Читать книгу Отец и мать - Александр Донских - Страница 4

Книга первая
Глава 4

Оглавление

Что же Екатерина? Она долго и тяжко болела. Мать скрывала её от врачей, от глаз селян – держала дома взаперти, в сентябре не пустила в школу в девятый класс, потому что время было такое: за тайный, недозволенный властями аборт могла воспоследовать кара – тюрьма, лагерь, позор. Лечила как могла – мазями, примочками, отварами. По великому знакомству и за немалые, за ради Христа выклянченные у родственников и соседей, деньги обследовали Екатерину в больнице райцентра, и вердикт врача был ужасен.

Этот врач, седенький, с прищипленным чуть не на кончике носа потресканным пенсне, смешновато суетливый и очевидно смешливый старичок, сказал раскрасневшейся, стыдливо понурой Екатерине, которая впервые в своей жизни перенесла генекологический осмотр со стороны мужчины:

– Мало того, барышня, что спицей… или чем там из тебя изгоняли несчастного зародыша?.. занесли инфекцию, так ещё, твои эскулапы лапотники, травмировали матку.

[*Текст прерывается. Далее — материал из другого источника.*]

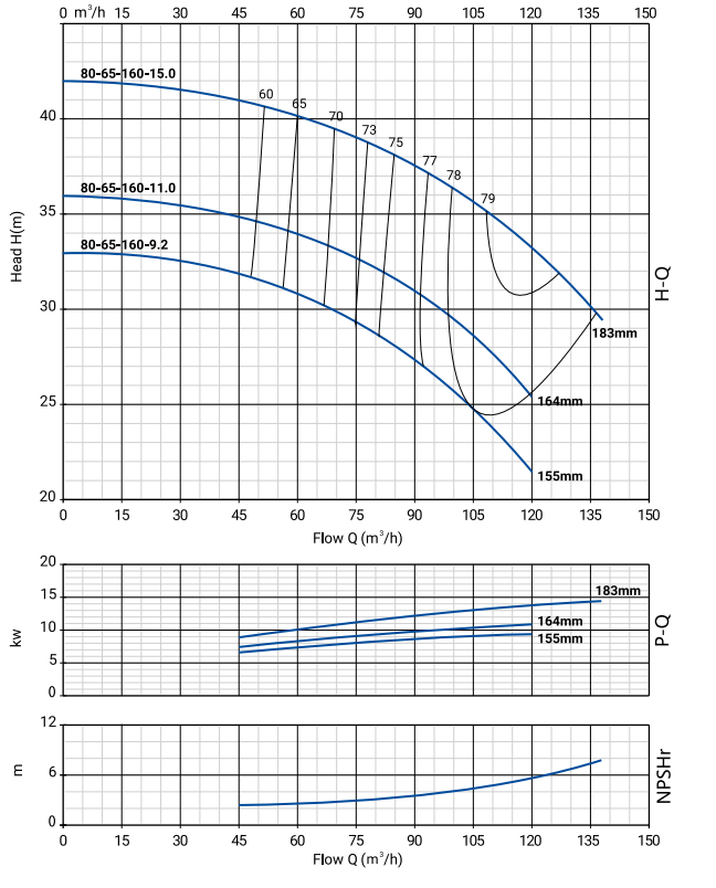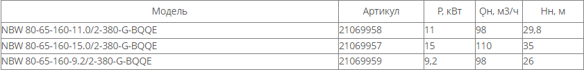 NBW 80-65-160-11.0/2 (2 полюса двигателя, рабочее колесо - чугун)

Но умереть, любезная, ты не умрёшь, воспаление спадает, раны зарубцевались. Как на собаке, сами собой, – хохотнул он. – Молодой, здоровый организм берёт своё. Лечение я тебе пропишу и в стационаре полежишь немного, но-о-о! Гх, гх, видишь ли…

Старичок неожиданно осёкся: бодренькая насмешливость, по всей видимости, была привычной для него в общении с пациентками, уже въелась в его натуру, потому он и заговорил по инерции заматерелого профессионала в своём излюбленном назидательно-язвительном тоне и с Екатериной, однако, похоже, то, что он должен и обязан был сообщить ей, всё же заставило его опамятоваться, всерьёз задуматься. Он помолчал, прикусывая губу и отчего-то даже поёживаясь. Зачем-то встал, зачем-то прошёлся по кабинету и встал полуоборотом к окну, сцепив пальцы за спиной. Наконец, произнёс, не повернувшись к пациентке:

– Детей иметь вы не будете, – отчего-то обратился он на «вы» и снова замолчал.

Екатерину, как прибоем, качнуло.

– Что? – тоненько спросила она, норовя заглянуть снизу вверх в глаза старика, но он не давался, и она выхватила взглядом только лишь потресканное стеколко его пенсне, через которое остро и колко пробивался свет солнца.

– Н-да-с, неласково судьбинушка обошлась с вами, – не отозвался он на её вопрос, но задал свой, по-прежнему не желая смотреть в глаза: – Как же вы теперь будете жить? Впрочем, – снова спохватился он, вспомнив о своих профессиональных обязанностях, – вот направление в стационар и – ступайте, ступайте! С богом, – примолвил он тихо, в ладонь.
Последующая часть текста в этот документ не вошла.